*Work item*.
Pictures in the data below are not part of the copy; transcribe everything else exactly.

*Data excerpt*.
○ ○ ○ ○ ○

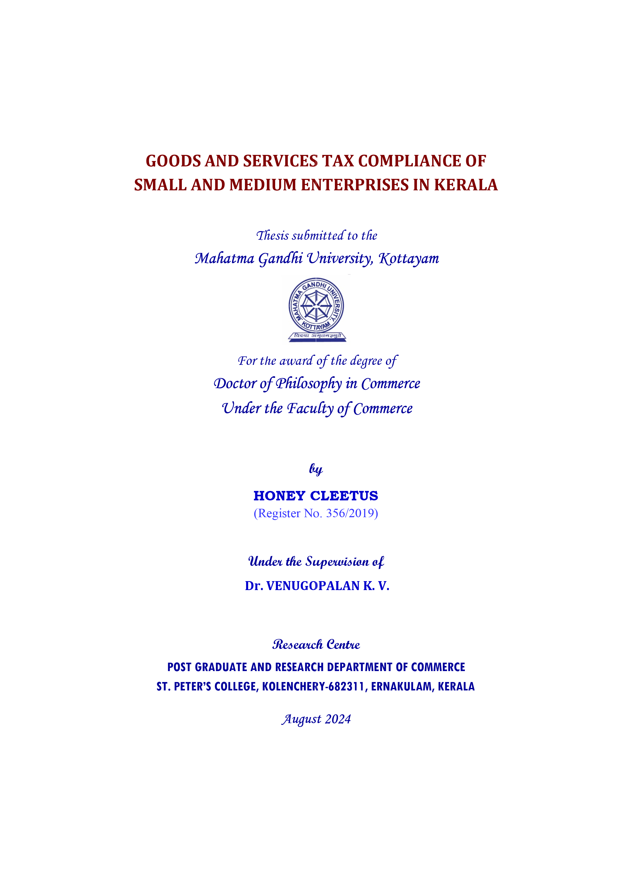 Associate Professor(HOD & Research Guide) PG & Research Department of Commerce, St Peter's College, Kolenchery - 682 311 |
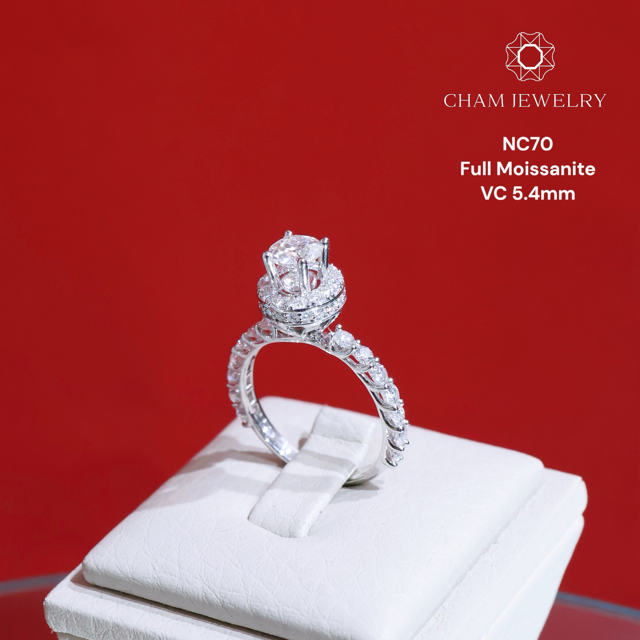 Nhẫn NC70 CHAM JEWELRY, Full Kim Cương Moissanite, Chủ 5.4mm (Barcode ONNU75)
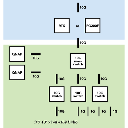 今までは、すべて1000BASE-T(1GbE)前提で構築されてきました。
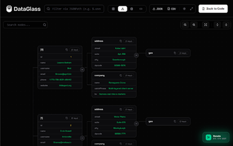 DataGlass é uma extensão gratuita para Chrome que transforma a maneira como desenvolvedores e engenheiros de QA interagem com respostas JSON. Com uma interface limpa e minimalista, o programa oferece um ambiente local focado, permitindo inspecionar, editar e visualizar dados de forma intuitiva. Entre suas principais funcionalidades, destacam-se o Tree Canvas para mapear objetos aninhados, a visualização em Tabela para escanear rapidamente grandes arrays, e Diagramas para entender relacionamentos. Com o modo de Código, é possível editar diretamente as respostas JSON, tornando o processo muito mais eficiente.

○ ○ ○ ○ ○

*Answer to this task*.
 Associate Professor(HOD & Research Guide) PG & Research Department of Commerce, St Peter's College, Kolenchery - 682 311 |
 Nhẫn NC70 CHAM JEWELRY, Full Kim Cương Moissanite, Chủ 5.4mm (Barcode ONNU75)
 今までは、すべて1000BASE-T(1GbE)前提で構築されてきました。
 DataGlass é uma extensão gratuita para Chrome que transforma a maneira como desenvolvedores e engenheiros de QA interagem com respostas JSON. Com uma interface limpa e minimalista, o programa oferece um ambiente local focado, permitindo inspecionar, editar e visualizar dados de forma intuitiva. Entre suas principais funcionalidades, destacam-se o Tree Canvas para mapear objetos aninhados, a visualização em Tabela para escanear rapidamente grandes arrays, e Diagramas para entender relacionamentos. Com o modo de Código, é possível editar diretamente as respostas JSON, tornando o processo muito mais eficiente.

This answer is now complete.